And the hypothetical EA response might be right. I, personally, don’t have anything better to suggest, and I also care about these risks. But our discussion of the Crazy Train highlighted that most EAs do reach a point where their confidence in the usefulness of frameworks like Subjective Bayesianism and Expected Value Theory starts to break down. The degree to which EA differs from other groups, again, is a matter of degree. Most people are willing to accept the usefulness of probabilistic language in certain domains; very few people complain about probabilistic weather forecasts, for example. But I think it’s fair to say that EA, at least implicitly, believes in the usefulness of explicit probabilistic reasoning across a broader range of situations than the vast majority of other social groups.
Suppose we’ve done an expected value calculation, and let’s say that we’ve found that some intervention — a crazily speculative one — comes out as having the highest expected value. And let’s suppose, further, that this intervention remains the intervention with the highest expected value, even past the hypothetical point where that intervention absorbs all of the EA community’s resources.

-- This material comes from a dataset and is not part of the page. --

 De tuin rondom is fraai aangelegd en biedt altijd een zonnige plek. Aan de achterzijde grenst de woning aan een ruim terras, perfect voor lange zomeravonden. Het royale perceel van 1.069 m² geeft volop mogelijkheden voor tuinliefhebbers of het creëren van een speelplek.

In cases where expected value calculations rely on many speculative assumptions, and for which the feedback loops look exceptionally sparse, my experience is that EAs, usually, become less gung-ho on pushing all of EA's resources towards that area.

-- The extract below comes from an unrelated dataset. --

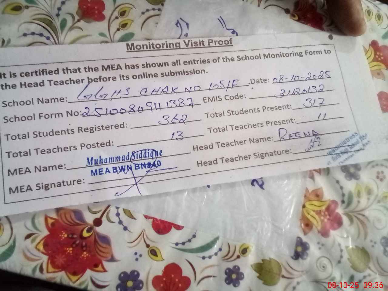 | Attendance Register | Head Teacher | MEA with School | Visit Proof |

If we found out that, say, ‘simulation breakout research’ appears to be the intervention with highest expected value, my guess is that many EAs are likely to be enthusiastic about someone working on the area, even though they’re likely to be relatively unenthusiastic about shifting all of EA’s portfolio towards the area. EAs tend to feel some pull towards ‘weird fanatical philosophy stuff’, and some pull towards ‘other, more common sense epistemic worldviews’. There’s some idiosyncratic variation in the relative weights given to each of these components, but, still, most EAs give some weight to both.
Principle 4: When arguments lead us to conclusions that are both speculative and fanatical, treat this as a sign that something has gone wrong.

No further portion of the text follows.